Math Help - Universal arrow from an abelian group to the forgetful functor U: Rng --> Ab

  1. #1
    MHF Contributor Bruno J.'s Avatar
    Joined
    Jun 2009
    From
    Canada
    Posts
    1,266
    Thanks
    1
    Awards
    1

    Universal arrow from an abelian group to the forgetful functor U: Rng --> Ab

    This is one of the exercises in Maclane's book.

    Find, for any given abelian group G, a universal arrow from G to the forgetful functor U:\mbox{Rng}\to\mbox{Ab} which forgets the multiplicative structure.
    I can describe the following construction, which I think fits the bill.

    My first guess is that R_G should be a quotient of a suitably defined free object on the elements of G. Take the free monoid M on the elements of G, and then take the monoid ring \mathbb{Z}[M]=F on the elements of M. Then, let I be the ideal of F generated by elements of the form \tilde a+ \tilde b- \tilde c, where \tilde a, \tilde b, \tilde c are the canonical images of a, b, c \in G via the obvious "inclusion" G \to F, with a+b-c=0 in G. Then, if I am not mistaken, R_G=F/I is the desired "universal ring" on the abelian group G.

    Does this seem correct? If we have an morphism of abelian groups h:G\to U(S), we can extend h to a morphism of monoids M \to S by defining h(a_1\dots a_k)=h(a_1)\dots h(a_k) for any word a_1\dots a_k in M (and by definition of the empty product, the identity of M is mapped to the identity of S). Then we can extend this map to a morphism of rings \mathbb{Z}[M]\to S by linearity. But there is no guarantee at this point that the additive structure imposed by G will be respected, so we have to quotient out by the ideal described above. The resulting map \tilde h seems to do the job.

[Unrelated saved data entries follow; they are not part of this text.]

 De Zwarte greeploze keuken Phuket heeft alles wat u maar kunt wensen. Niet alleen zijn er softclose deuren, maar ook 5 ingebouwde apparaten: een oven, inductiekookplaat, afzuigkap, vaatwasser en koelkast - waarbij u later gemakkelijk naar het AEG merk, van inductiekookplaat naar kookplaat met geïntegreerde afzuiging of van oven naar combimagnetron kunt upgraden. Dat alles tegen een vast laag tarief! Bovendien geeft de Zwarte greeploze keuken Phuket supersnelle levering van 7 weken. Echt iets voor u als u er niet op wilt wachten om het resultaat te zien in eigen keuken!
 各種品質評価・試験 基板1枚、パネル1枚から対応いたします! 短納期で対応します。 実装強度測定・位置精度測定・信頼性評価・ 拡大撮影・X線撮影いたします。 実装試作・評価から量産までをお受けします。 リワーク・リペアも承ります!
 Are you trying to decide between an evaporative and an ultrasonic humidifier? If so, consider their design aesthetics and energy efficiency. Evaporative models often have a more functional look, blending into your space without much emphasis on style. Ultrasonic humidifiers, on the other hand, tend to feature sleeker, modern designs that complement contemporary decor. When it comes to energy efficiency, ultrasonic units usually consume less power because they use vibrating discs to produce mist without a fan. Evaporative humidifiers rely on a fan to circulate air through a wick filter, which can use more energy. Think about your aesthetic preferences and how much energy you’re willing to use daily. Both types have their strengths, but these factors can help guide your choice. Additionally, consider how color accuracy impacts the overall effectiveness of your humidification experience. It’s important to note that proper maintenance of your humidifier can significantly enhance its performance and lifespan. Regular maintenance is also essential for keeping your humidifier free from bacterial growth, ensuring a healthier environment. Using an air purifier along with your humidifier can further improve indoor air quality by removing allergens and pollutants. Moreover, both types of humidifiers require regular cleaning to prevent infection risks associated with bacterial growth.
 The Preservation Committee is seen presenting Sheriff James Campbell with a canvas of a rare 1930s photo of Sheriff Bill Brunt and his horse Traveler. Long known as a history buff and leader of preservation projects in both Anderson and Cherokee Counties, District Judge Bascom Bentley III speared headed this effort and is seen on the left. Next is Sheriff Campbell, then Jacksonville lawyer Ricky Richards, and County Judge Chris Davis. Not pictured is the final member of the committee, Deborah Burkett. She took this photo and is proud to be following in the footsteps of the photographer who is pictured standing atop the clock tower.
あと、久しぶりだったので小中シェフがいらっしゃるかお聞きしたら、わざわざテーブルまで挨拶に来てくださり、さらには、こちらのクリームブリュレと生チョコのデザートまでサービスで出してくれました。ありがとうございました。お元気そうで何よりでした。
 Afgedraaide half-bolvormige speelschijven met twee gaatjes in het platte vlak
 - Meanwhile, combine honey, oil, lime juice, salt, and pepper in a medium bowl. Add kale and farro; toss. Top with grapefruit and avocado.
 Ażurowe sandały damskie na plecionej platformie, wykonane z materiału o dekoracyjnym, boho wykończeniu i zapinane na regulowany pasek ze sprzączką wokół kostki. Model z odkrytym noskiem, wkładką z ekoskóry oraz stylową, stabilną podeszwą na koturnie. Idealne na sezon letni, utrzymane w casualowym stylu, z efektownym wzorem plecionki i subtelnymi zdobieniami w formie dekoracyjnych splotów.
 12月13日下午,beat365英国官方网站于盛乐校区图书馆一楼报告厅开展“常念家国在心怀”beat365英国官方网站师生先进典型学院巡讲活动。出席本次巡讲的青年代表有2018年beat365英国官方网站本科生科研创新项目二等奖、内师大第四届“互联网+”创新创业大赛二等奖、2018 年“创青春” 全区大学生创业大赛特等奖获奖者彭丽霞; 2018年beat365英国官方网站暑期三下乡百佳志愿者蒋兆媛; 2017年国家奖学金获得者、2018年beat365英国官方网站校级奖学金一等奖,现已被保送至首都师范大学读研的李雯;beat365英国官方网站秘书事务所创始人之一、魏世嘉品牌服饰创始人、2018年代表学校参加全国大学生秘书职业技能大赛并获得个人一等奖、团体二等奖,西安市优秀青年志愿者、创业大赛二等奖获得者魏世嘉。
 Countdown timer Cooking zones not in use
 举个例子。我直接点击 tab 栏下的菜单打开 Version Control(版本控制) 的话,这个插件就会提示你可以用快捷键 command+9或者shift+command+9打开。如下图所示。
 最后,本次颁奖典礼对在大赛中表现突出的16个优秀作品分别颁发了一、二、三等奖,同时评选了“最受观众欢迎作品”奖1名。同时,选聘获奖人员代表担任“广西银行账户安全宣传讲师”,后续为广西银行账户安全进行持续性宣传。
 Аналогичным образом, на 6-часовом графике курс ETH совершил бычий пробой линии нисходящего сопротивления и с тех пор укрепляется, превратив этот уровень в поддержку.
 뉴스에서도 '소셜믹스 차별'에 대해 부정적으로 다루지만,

    In Maclane's book, the category \mbox{Rng} is meant to represent the category of rings, with arrows the ring morphisms preserving identity elements. However, I can read on Wikipedia that this category is now called \mbox{Ring}, and that \mbox{Rng} denotes the category of pseudo-rings. This distinction seems reasonable. If this is the case, we should replace \mbox{Rng} by \mbox{Ring} above. I think that the construction of a "universal" pseudo-ring on G would be the same as above, except that we would take the free semigroup on the elements of G instead of the free monoid.

    If you have any comments, or insight, or if you can suggest a simplification of the above construction, I would be glad to hear it.
    Follow Math Help Forum on Facebook and Google+

  2. #2
    MHF Contributor Drexel28's Avatar
    Joined
    Nov 2009
    From
    Berkeley, California
    Posts
    4,563
    Thanks
    21
    Quote Originally Posted by Bruno J. View Post
    This is one of the exercises in Maclane's book.

    I can describe the following construction, which I think fits the bill.

    My first guess is that R_G should be a quotient of a suitably defined free object on the elements of G. Take the free monoid M on the elements of G, and then take the monoid ring \mathbb{Z}[M]=F on the elements of M. Then, let I be the ideal of F generated by elements of the form \tilde a+ \tilde b- \tilde c, where \tilde a, \tilde b, \tilde c are the canonical images of a, b, c \in G via the obvious "inclusion" G \to F, with a+b-c=0 in G. Then, if I am not mistaken, R_G=F/I is the desired "universal ring" on the abelian group G.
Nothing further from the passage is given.